Comes a Bright Day

For his first post-Submarine starring role, manchild of the moment Craig Roberts elected to team up with untried writer-director Simon Aboud and veteran thesp Timothy Spall for a comedy that’s also a romance that’s also a thriller. Sorry, a comedy that’s also a romance that’s also a thriller that’s sort of a bit about opening a restaurant. Confused yet? You probably will be, but not until you’ve left the theatre. However thrown together it may seem in retrospect, watching Comes a Bright Day is an unbridled pleasure.

Aspiring businessman Sam (Roberts) has got big dreams – he fancies himself as an ‘entertainment fixer’ and has long planned to open a restaurant with his friend Elliott (Anthony Welsh), but for now he’s stuck as a bellboy at the Mandarin Oriental. The tyrannical concierge Mr Morgan (Geoff Bell) sends Sam on an errand to have a watch altered for a guest, but Sam stops off to grab dinner at the cafe where Elliott works. He ends up in a terribly English tussle for the last risotto with Mary (Poots), a friend of Elliott’s who compliments Sam on his watch (or, rather, the guest’s watch that he’s decided to pop on) and invites him to visit Clara, the vintage jewellery shop where she works.

Needless to say, Clara is exactly where Sam’s headed. He arrives and does his best to pretend that he’s a well-heeled browser, but cantankerous proprietor Charlie (Spall) isn’t buying it and neither is Mary. Fortunately (after a fashion), the pressure is taken off Sam when two gentlemen in masks enter the shop, shoot another customer dead and barricade themselves inside. Cameron (McKidd) and Clegg (Josef Altin) have come for the Stahl Papillon, a priceless butterfly brooch in Charlie’s possession, and they don’t seem to care how many people they need to shoot to get to it. The shutters are down and there’s no way out – Charlie, Mary and Sam are trapped together with nothing but the whim of a psychotic robber standing between them and the prospect of having their brains sprayed across the earring display. It’s not the ideal place to attempt a seduction, but for Sam this really hasn’t been an ideal day…

Here’s the thing. Comes a Bright Day is an enormously funny film. It’s frequently a very touching film. Once in a while, it’s a reasonably thrilling film. But it can’t quite manage to be all three at once. One suspects that Simon Aboud has tried a little too hard to be all things to all people with this, his first feature, but it’s hard to dislike him for it – I just wanted to step behind the camera and tell the poor fellow to calm down. He will most certainly have other films in which to explore the genres he didn’t manage to do justice to this time round, since more or less every single scene in Comes a Bright Day is a thing of surpassing beauty. The limited environment of Charlie’s shop is well used, with one robber dominating the front of the shop and the other the back room. Charlie, Mary and Sam spend almost the entire second act sitting in one of two cramped corners, intensifying their well-honed dialogue beautifully.

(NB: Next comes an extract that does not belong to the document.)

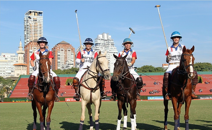 With a rain delay of one day – the ladies were ready to play. Photographers were ready to take many pictures of the ladies since this was an inaugural event even though the 20,000 capacity stadium was far from full. The ladies had their horses in order and coach Susan Stovall gave them a pep talk. The Empire Polo-USA team was rated at 21 goals (a system that Argentina has organized for ladies completion) and the Team Argentina was rated at 18. The players for the home team were Maria Bellende (2), Annabelle Winterhalder (1), Guadalupe Strade, (A) and Emilia Malviccion (A). The Argentine team had a few fouls at the beginning of the match and enabled the Empire Polo-USA team to even the match at halftime 6 to 6. Hale making the fouls shots for the USA team including a penalty 4 soaring through the uprights. Halftime was only 5 mintues , part of the Argentine rules, which kept the Empire ladies looking for their grooms and horses as some of the ponies had only been stick and balled. Outhier kept Bellande, their best player, under control giving both McCoy and Weber a chance to each make a goal. Sunny Hale came through with a couple from the field ending the game 11-7.
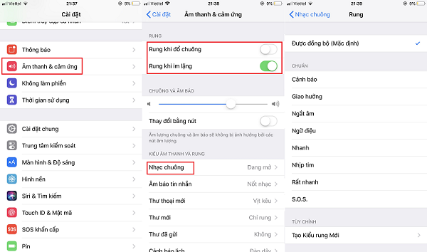 Cách 1: Thiết lập rung với 2 chế độ “Rung khi im lặng” hoặc “Rung khi đổ chuông”

However competent his writing and however good his eye for a striking shot, Aboud was very lucky in his cast. Craig Roberts is earnest, nervous and very slightly uncomfortable as wannabe hustler Sam, and Timothy Spall’s gravelly tones and patrician attitude are warming and worryingly sexy. Surely I shouldn’t be fancying Timothy Spall at my time of life? I’ve seen other reviews claim that Imogen Poots (28 Days Later) is the true star of the show, but although her glacial performance is certainly striking it’s Charlie who really holds things together, forging more believable relationships with both Sam and Mary than they really manage with each other. The supporting cast is adequate but doesn’t have enough time to shine, although Kevin McKidd’s gloriously deranged Cameron is a joy to watch. “I AM GOING TO COME AND SHOOT SOMEBODY!”, Cameron booms cheerfully from the back room of the shop after discovering Charlie’s been fibbing to him about something or other, and his jolly intensity is more frightening than the snarl of even the most heavily scarred Hollywood hit-man.

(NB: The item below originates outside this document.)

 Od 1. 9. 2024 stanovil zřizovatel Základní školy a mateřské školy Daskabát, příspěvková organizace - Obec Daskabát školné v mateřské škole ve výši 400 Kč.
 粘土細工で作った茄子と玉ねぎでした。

Make no mistake, Comes a Bright Day is a good film – well cast, well written, well shot and genuinely entertaining. Give Simon Aboud a few years to get himself in check and he’ll probably be making great films; and then you’ll be able to produce your DVD of that interesting film he made with Craig Roberts back in 2012, and talk authoritatively about how you preferred Aboud (you’ll be calling him ‘Aboud’ by then, trust) before he got all polished and perfect. It’ll probably be a more sure-fire pulling technique than producing a diamond brooch… and trust us, you can’t afford Timothy Spall’s prices.